|
Post by StationAdministration on Apr 11, 2006 6:42:25 GMT
I got to reading "Brian McLaren again last night. I reread the section where he discusses the scandals in the Roman Catholic Church. Brian believes that there are things that all Christians can find of benefit in Catholicism as well as other streams of Christianity. He doesn't endorse catholicism so much as recognize what is of God in it.
" But I am also not insensitive to the fact the Protestants and Orthodox churches have their own closets full of skeletons; they just haven't been caught. Being caught is expensive. It's painful. But it also opens the possibility for repentance . . .I don't consider the Catholic scandals to be 'their" problem but "our" problem. If the Catholic Church responds to its scandals with appropriate humility and repentance, the whole world will benefit.
A generous orthodoxy is like that. It acknowledges that we're all a mess. It sees in our worst failures the possibility of our deepest repentance and God's opening for our most profound healing. It remembers Jesus' parable that wherever God sows good seed, an "enemy" will sow weed seeds. It realizes that you can't pull up the bad without uprooting the good too, and so it refrains from judging. It just rejoices wherever good seed grows. "
A Generous Orthodoxy (Grand Rapids, 2004) p. 230.

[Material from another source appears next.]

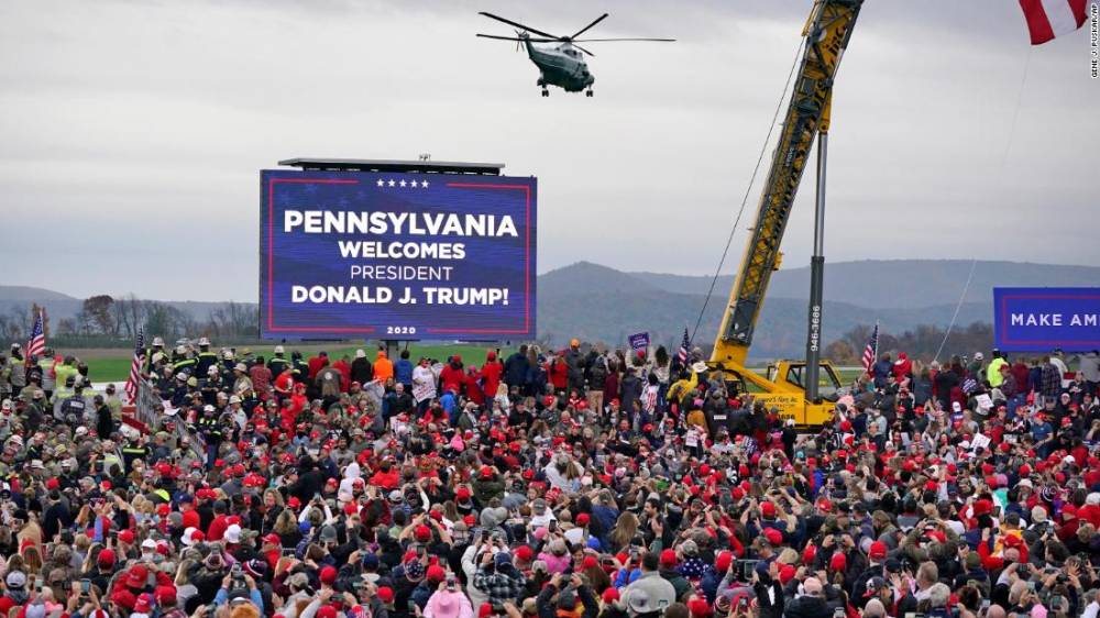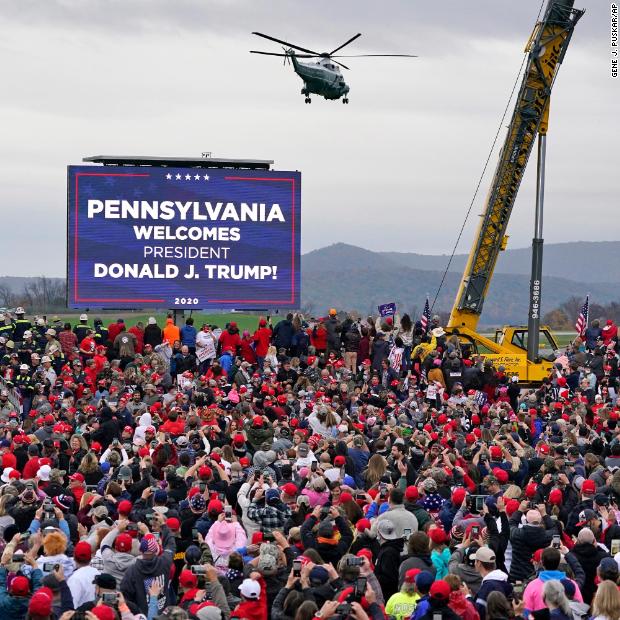 Photos: A tale of two campaignsMarine One lands at an airport in Martinsburg, Pennsylvania, where a Trump rally was taking place on October 26.Hide Caption 33 of 98

As a Christian, Every Nation is still my problem two years after leaving. Why? It is part of the church. So what to do? Should we be silent about the scandals, the lies and abuses? No. Should we stand back and say and do nothing. I'm not so sure.
|
|
|
Post by helpfulcommentary on Apr 21, 2006 3:49:56 GMT
McLaren is wise when he talks about uprooting the two... Look at the history of revolutions.. they often bring in a system worse than the one that was oppressing them in the first place.